Bananas are one of the best pre-workout snacks for any type of workout. They’re packed with natural sugar, which converts to carbohydrates and will help give you quick energy boost. Normally, sugars won’t provide you with enough energy to last the length of a full Pure Barre class, but bananas also contain a significant amount of fiber, which helps you sustain energy and keeps you from getting hungry during a workout. In addition, bananas are an excellent source of potassium, which is lost when we sweat, so they can help keep your potassium levels up during intense workouts like Pure Barre.

Plain Yogurt:

Yogurt is an excellent pre-workout snack because it has both protein and carbohydrates in an easily digestible form. Yogurt is also full of probiotics, which boost digestive health and are potentially linked to increased fat-burning capabilities, so yogurt is an especially good pre-workout snack if you’re trying to lose weight.
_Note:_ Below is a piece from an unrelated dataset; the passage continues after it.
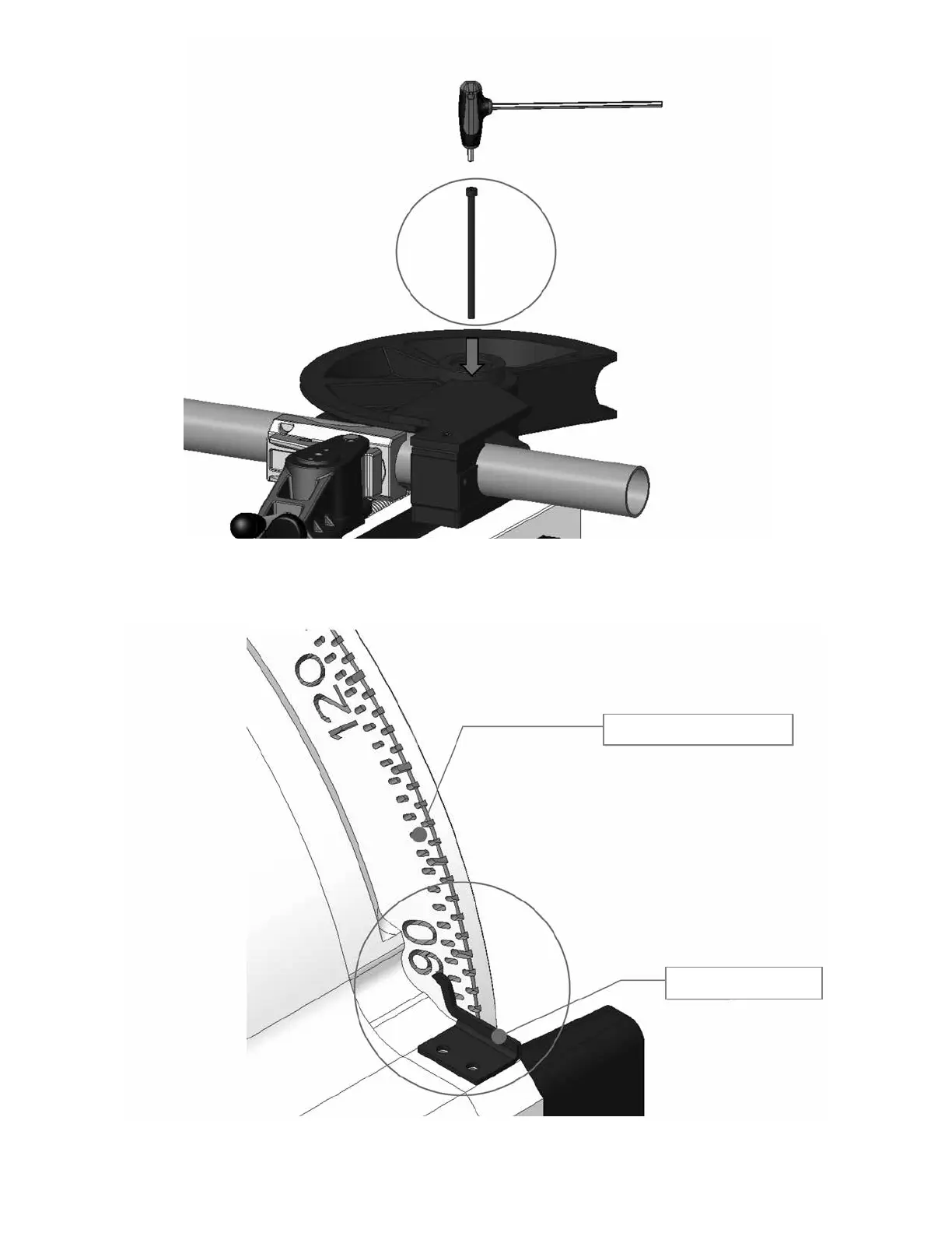 Figure 16 - Reading the value of the angle on graduated disc using index

However, you’ll want to stay away from sweetened yogurts, as the extra sugar can make your energy levels crash faster.

Fresh Juice:

Many people don’t have much of an appetite for food when they first wake up, so if you attend Pure Barre classes in the morning and don’t want to eat beforehand, try making your own juice if you have a juicer available. Commercial juices and sports drinks tend to be loaded with added sugars and artificial dyes, but freshly-squeezed juice can give you quick energy from natural sugar and vitamins. For best results, include more vegetables than fruit in your juice to prevent yourself from consuming too much sugar.

Eggs:

Eggs are one of the best natural sources of protein, which makes them perfect for a quick snack before a Pure Barre class. If you’re worried about having time to cook the eggs before your class, make hard-boiled eggs in advance the day before and grab an egg or two on your way to class.